Osama while writing using the nom de guerre Abu Abdallah said the size of the chip is about the length of a grain of wheat and the width of a fine piece of vermicelli.
According to the documents, Osama had a fear of Fear of surveillance and in one letter, he warns that a suitcase used to deliver a ransom could contain a tracking device.
The documents come at a time when Apple is in a fight against government orders to break open locked iPhones, which could be the legal authorization for “virtually limitless” surveillance under the Internet of Things.

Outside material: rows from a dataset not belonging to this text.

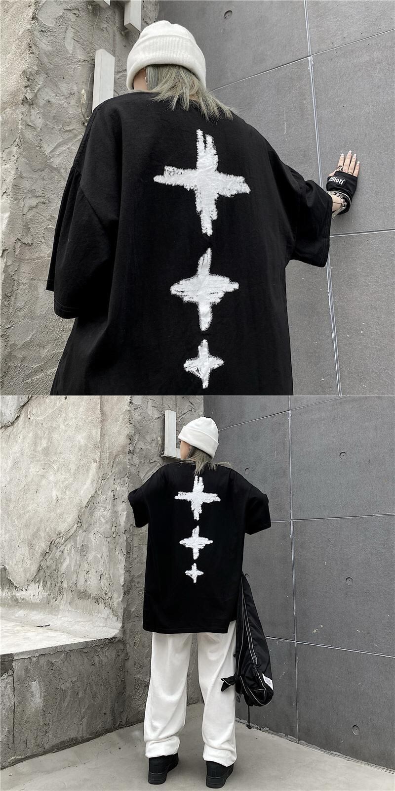 プリント柄ブラックブラウス レディース夏服韓国ファッショントレンドスタンダードTシャツ レトロ 夏物 スタイル コーデ モノクロ Studio8133989830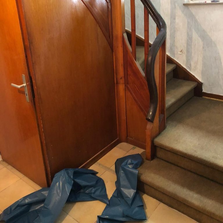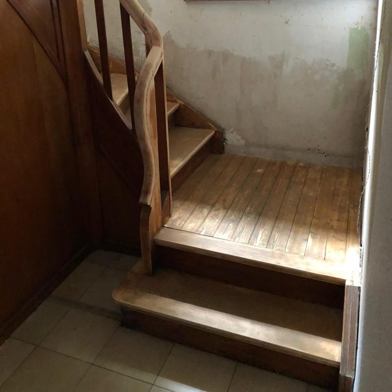 Hier haben wir den Teppich entfernt und das Holzwerk geschliffen.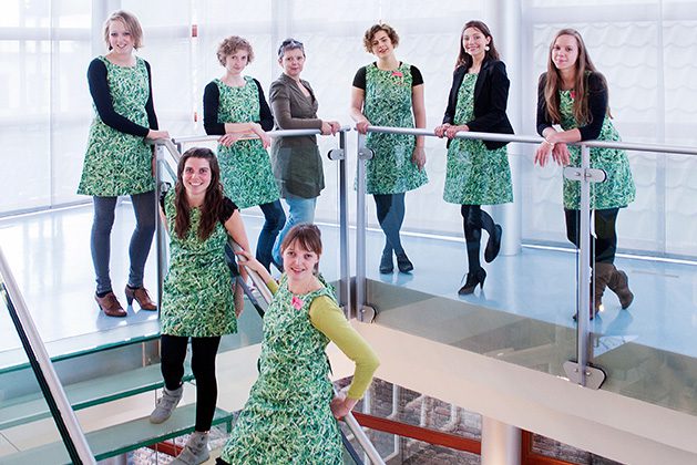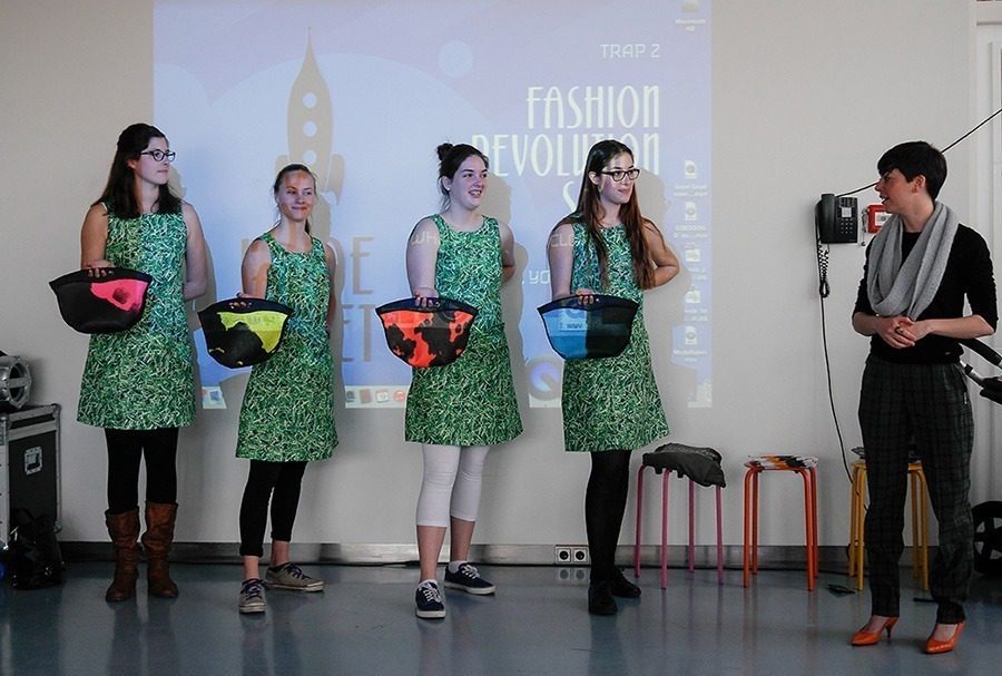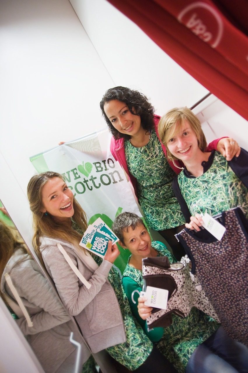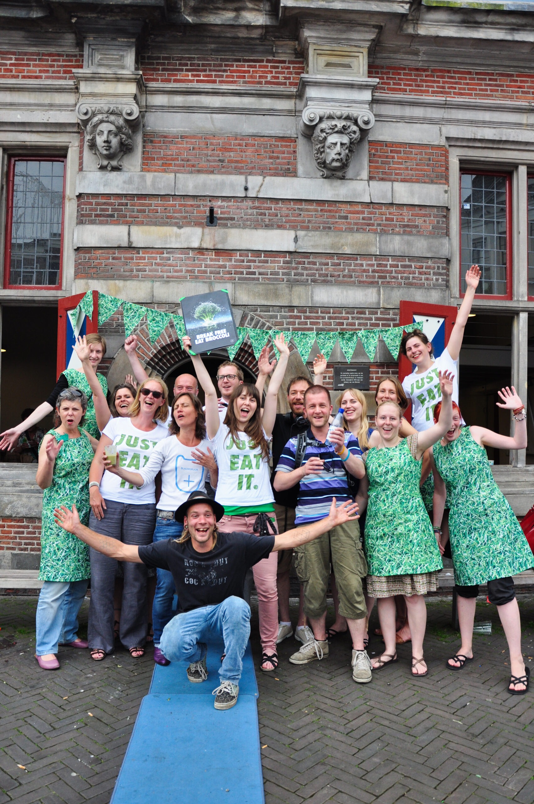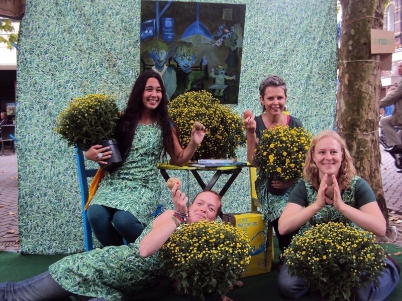 Het idee om duurzaamheid op een frisse manier onder de aandacht te brengen had vorm gekregen in een FRISGROEN duurzaam mode-en leefstijl feest. Om het van mens tot mens ( van hart tot hart) aan elkaar te vertellen, is er een vrijwilligers promotie teams ontstaan -> de Groenkapjes. In het vrijwilligersteam zaten studenten, Zwollenaren en ambtenaren van de gemeente Zwolle die model waren geweest bij eerdere duurzame modeshows. Met regelmaat kwamen we bij elkaar in Cafe de Hete Brij om te denktanken “Hoe kunnen andere Zwollenaren te enthousiasmeren voor duurzaamheid”. Er groeide een Groenkapje team voor guerrilla promotie activiteiten en voor het showen van duurzame mode on the catwalk. Zoals de modeshow bij Stoere Vrouwen event in studio K te Amsterdam.

A federal judge’s order rejected a government request in a New York drug case yesterday. Midway through his lengthy opinion, Magistrate Judge James Orenstein made that point clear as he dismantled the staggering government claim that Apple’s software licensing arrangement was proof that the company was “sufficiently close” to consumer devices that it could be compelled to unlock them.
In a letter to customers on Feb. 16, Apple CEO Tim Cook said he opposed the order because it would undermine necessary security measures put in place to prevent hacking and unauthorized access to iPhones.
The case has sparked a national debate over whether the government’s need to access devices outweighed the public’s right to privacy and data security.